A shoulder replacement is indicated in the case of osteoarthritis for which medical treatment is ineffective.
When the rotator cuff tendons in the shoulder are preserved, a so-called “anatomical” total shoulder replacement can be proposed.
An anterior incision is made in the shoulder.
The muscles are moved aside to expose the anterior shoulder tendon. Humeral head can then be exposed and cut.
Different rasps are used to prepare the surface for the insertion of the humeral implant.
The glenoid cavity is then exposed. The bone is specifically prepared using different cutters. The implant is second to place.
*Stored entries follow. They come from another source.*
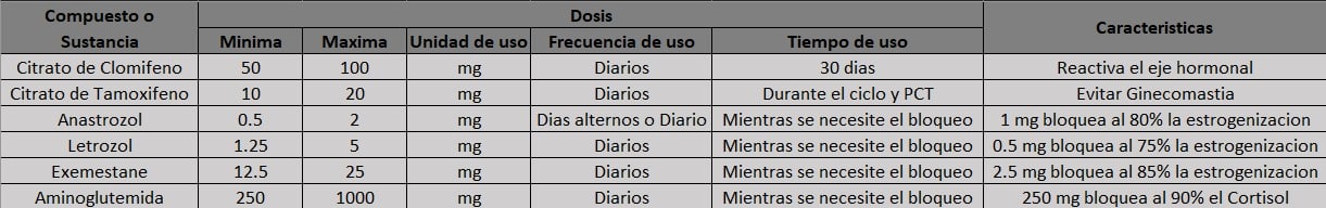 - Moduladores Selectivos del Receptor de Estrógenos (SERM) e Inhibidores de la Aromatasa (Clomifeno, Tamoxifeno, Anaztrozol, Letrozol, Exemestane) con sus características detalladas (Dosis mínima, Dosis máxima, Frecuencia de uso, Tiempo de uso).
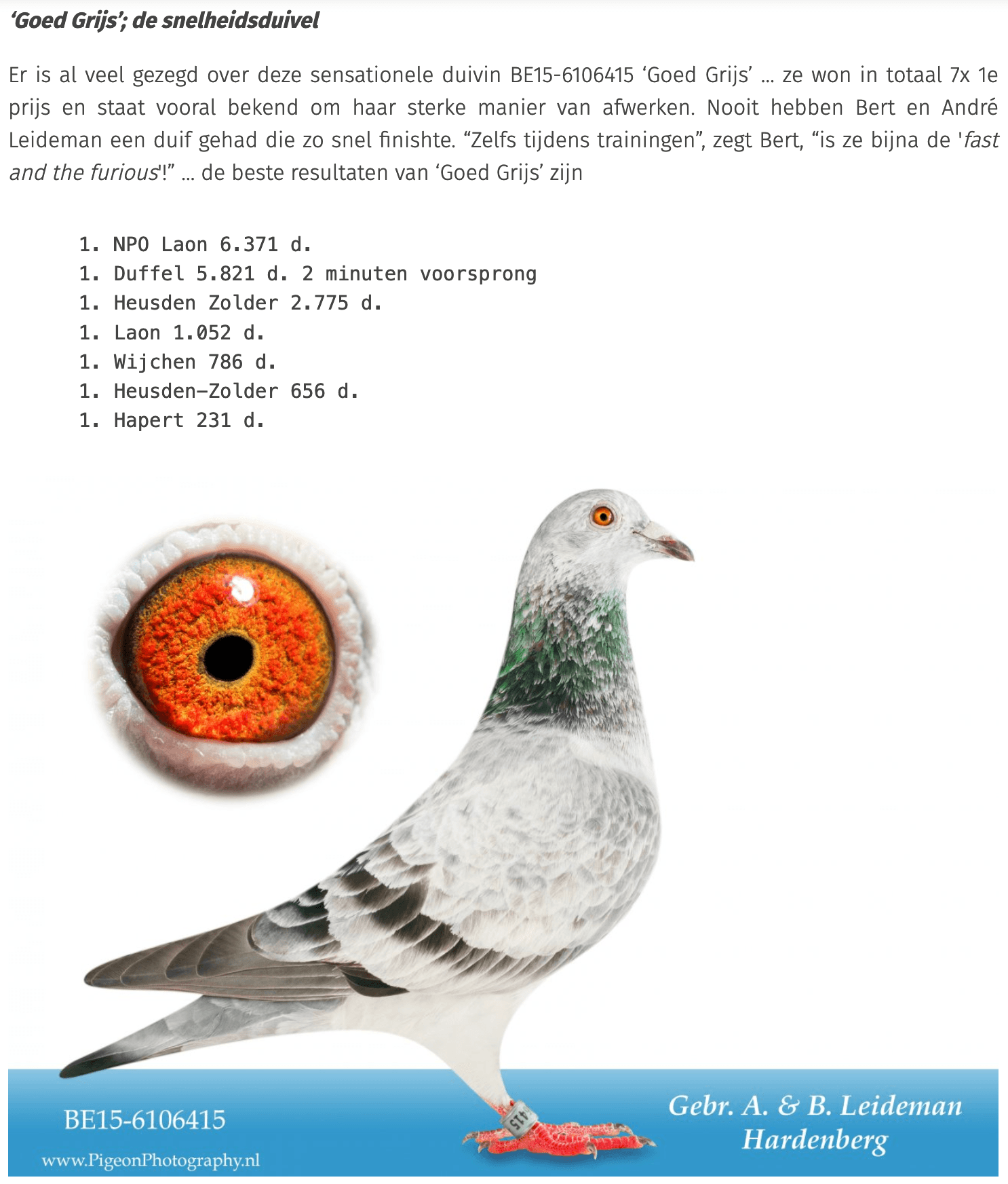 Is nest-mate to world-famous “Goed Grijs” (7 x 1st)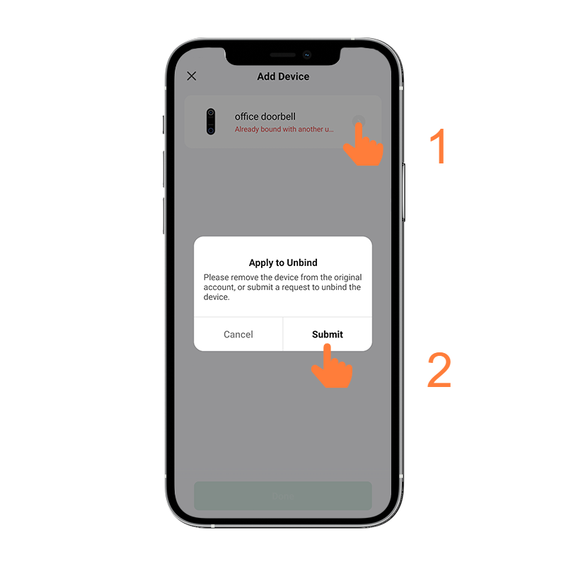 Op het scherm met de melding dat de deurbel of camera al aan een ander gebruikersaccount is toegevoegd, tik je op de grijze pijl.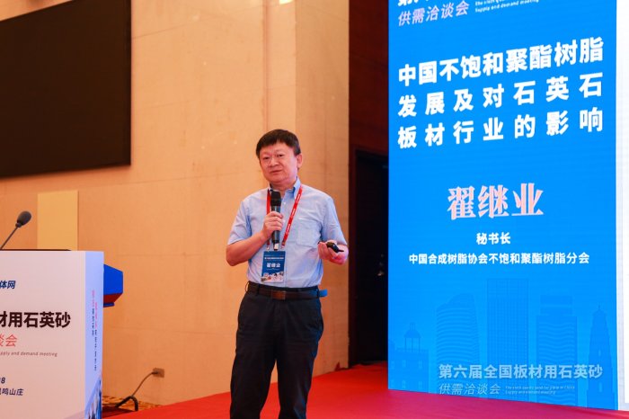 翟繼業秘書長圍繞中國不飽和聚酯樹脂行業發展展開了深度剖析:首先從核心數據維度切入,詳細介紹了該行業在產能產量、出口規模、產銷量等關鍵指標上的基本發展情況;接著聚焦領域痛點,深入分析了中國石英石樹脂在應用與發展中主要存在的問題;最后立足技術革新視角,明確指明了石英石用不飽和聚酯樹脂未來的技術發展方向。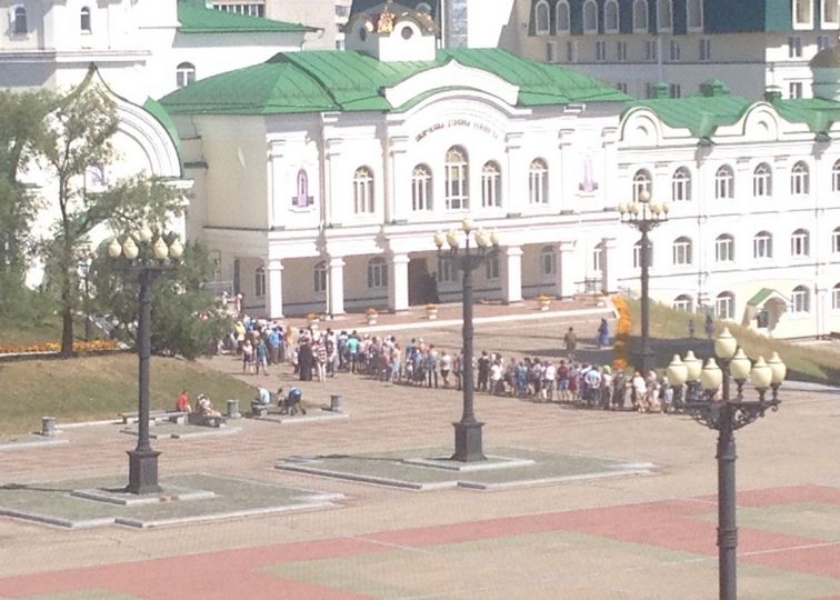 24 августа, ПРАВМИР: В Хабаровске на площади Славы выстроилась длинная очередь к иконе Иннокентия Московского, которая недавно замироточила. Взрослые и дети ожидают возможности взглянуть на «плачущий» лик, пишет ИА AmurMedia.

The implant is then reduced. Immobilization of the shoulder for 3 weeks followed by prompt rehabilitation will help ensure recovery of a painless, normal range of motion.

Part 2
With osteoarthritis and a pre-existing tear of the shoulder tendons, the humeral head tends to migrate upwards.
A standard anatomical replacement is not possible.
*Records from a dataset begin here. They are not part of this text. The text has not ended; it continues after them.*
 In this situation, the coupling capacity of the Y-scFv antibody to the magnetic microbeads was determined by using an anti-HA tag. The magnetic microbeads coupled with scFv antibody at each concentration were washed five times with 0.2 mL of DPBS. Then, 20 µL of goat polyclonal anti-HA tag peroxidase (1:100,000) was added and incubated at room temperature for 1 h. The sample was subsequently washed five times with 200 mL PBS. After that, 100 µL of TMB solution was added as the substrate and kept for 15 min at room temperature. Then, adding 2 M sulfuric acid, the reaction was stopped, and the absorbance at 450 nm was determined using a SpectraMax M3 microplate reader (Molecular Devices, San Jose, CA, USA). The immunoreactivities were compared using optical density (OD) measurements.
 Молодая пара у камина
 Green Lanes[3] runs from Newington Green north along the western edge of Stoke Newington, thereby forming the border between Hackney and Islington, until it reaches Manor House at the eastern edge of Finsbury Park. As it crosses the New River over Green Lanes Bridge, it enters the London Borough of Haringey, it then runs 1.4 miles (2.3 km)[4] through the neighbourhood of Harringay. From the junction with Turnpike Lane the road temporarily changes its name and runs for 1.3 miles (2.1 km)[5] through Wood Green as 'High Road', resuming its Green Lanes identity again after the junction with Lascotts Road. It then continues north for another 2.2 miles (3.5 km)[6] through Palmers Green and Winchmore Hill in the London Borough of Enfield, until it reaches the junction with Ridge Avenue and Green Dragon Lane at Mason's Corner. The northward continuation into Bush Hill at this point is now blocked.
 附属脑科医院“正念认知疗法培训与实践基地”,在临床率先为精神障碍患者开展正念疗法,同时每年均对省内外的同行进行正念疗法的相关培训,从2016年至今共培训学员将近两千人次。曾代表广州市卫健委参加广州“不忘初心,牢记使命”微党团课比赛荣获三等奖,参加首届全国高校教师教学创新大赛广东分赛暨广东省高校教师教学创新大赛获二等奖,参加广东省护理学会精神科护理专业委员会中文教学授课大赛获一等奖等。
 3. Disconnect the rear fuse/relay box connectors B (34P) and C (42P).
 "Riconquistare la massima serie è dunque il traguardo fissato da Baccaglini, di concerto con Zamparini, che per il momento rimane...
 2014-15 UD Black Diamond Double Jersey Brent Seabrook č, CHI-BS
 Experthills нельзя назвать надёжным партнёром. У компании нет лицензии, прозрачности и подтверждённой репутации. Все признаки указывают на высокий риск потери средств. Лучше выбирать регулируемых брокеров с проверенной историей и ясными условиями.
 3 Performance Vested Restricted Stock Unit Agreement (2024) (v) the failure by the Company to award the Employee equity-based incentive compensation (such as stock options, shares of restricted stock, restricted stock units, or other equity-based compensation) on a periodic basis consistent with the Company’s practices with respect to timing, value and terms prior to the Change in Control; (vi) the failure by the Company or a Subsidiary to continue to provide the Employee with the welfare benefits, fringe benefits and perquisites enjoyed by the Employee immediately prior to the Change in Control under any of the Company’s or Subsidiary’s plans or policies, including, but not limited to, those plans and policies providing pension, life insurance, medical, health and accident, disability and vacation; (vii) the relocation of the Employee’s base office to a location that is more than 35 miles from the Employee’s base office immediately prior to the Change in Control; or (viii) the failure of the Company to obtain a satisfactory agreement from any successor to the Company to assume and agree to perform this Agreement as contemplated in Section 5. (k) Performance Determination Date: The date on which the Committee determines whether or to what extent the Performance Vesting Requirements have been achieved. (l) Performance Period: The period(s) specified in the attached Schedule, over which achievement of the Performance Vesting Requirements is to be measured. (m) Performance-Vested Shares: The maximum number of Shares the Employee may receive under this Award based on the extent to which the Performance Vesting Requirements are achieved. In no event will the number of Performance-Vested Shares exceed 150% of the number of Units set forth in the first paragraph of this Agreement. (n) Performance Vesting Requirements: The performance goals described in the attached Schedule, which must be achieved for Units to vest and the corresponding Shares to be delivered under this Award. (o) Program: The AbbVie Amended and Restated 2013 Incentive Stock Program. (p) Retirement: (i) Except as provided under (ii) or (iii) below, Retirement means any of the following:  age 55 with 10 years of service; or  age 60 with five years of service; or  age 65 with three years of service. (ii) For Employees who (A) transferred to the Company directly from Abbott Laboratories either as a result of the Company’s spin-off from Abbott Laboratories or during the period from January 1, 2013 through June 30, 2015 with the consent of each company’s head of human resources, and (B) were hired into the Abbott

A reverse replacement is necessary that can offset the lack of tendons.
The same approach is used.
The humeral head is cut. Then, the bone is prepared with rasps to allow the placement of the socket-shaped humeral component.
The humeral glenoid is then exposed. The bone is prepared using different cutters. This preparation enable placement of a cementless component fixed with 4 screws in which the glenoid hemisphere can be inserted.
The 2 implants are put back into place. The deltoid muscle in the shoulder can once again assume its lifting role thanks to the shape of the implant.
The shoulder is no longer painful and full range of motion is generally restored.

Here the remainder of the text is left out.